Pacific Gas and Electric Company (PG&E) filed its application on July 21, 2011. No comments or protests were received.
PG&E seeks approval of three contracts in connection with a transaction with GWF. The GWF transaction involves seven power plants - the Hanford power plant located in Hanford, California; the Henrietta power plant located in Lemoore, California; and five petroleum coke power plants located in the San Francisco Bay Area Delta region (Contra Costa County) in California.
All seven power plants are currently under contract with PG&E. The Power Purchase Agreements (PPAs) for two power plants, Hanford and Henrietta, are scheduled to terminate on December 31, 2012. The Qualifying Facility (QF) PPAs for the petroleum coke power plants are scheduled to terminate in 2020 and 2021. The GWF Transaction involves three separate agreements: an Omnibus Agreement which governs the shutdown of the five GWF petroleum coke power plants and the termination of their associated existing QF PPAs; and two new 10-year PPAs with the Hanford and Henrietta facilities (the Peaker PPAs).
The GWF Hanford and GWF Henrietta facilities are both relatively new, efficient peaking combustion turbine (CT) generation facilities. Both facilities employ natural gas simple cycle gas turbines, typically referred to as CTs. Combined, the facilities provide approximately 175 megawatts (MWs) of capacity on a peak summer day. These units are currently under contract to PG&E as a result of the novation of California Department of Water Resources agreements, which was approved by the Commission in Decision (D.) 10-07-042.

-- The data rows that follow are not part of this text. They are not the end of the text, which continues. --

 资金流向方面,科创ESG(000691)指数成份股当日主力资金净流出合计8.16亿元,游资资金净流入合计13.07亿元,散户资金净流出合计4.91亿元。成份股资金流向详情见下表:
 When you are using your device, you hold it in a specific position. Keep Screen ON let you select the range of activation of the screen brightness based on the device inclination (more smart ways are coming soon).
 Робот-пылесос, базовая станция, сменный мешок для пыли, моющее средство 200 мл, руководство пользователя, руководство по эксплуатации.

The five GWF petroleum coke facilities are non-dispatchable, baseload facilities. Each facility is approximately 19 MW and sells energy and capacity to PG&E under an existing QF PPA. As baseload facilities, these units operate year-round with capacity factors of roughly 90%. PG&E has no ability to dispatch these units in order to follow its customers' electricity demand, or to reduce output to minimize greenhouse gas (GHG) emissions. The facilities burn petroleum coke, a waste product of the oil refining process, as their source of fuel and, as such, are extremely carbon intensive. On a pounds per MW/hour basis, these units emit more than twice the GHG emissions as the Hanford and Henrietta facilities. In total, the petroleum coke facilities emit approximately 1,000,000 metric tons of GHG emissions per year, representing a sizable portion of California in-state electricity sector GHG emissions.

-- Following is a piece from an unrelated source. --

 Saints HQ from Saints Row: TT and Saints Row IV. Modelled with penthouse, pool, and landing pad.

Under the existing QF PPAs, PG&E pays for energy and capacity subject to terms of the agreements. Currently, the QF PPA energy payments are based on the Short-Run Avoided Cost (SRAC) price and the capacity payments specified are based on prices specified in the contracts. Under the Qualifying Facility and Combined Heat and Power Settlement approved by the Commission in D.10-12-035, PG&E will pay GWF for GHG emissions through 2014. After that point in time, GHG emissions costs will be paid solely through the SRAC price for energy. Under the QF PPAs, GWF would be required to pay minimum damages to PG&E for early termination of the agreements, reflecting the fact that customers paid front-end loaded payments in the earlier years of the contracts.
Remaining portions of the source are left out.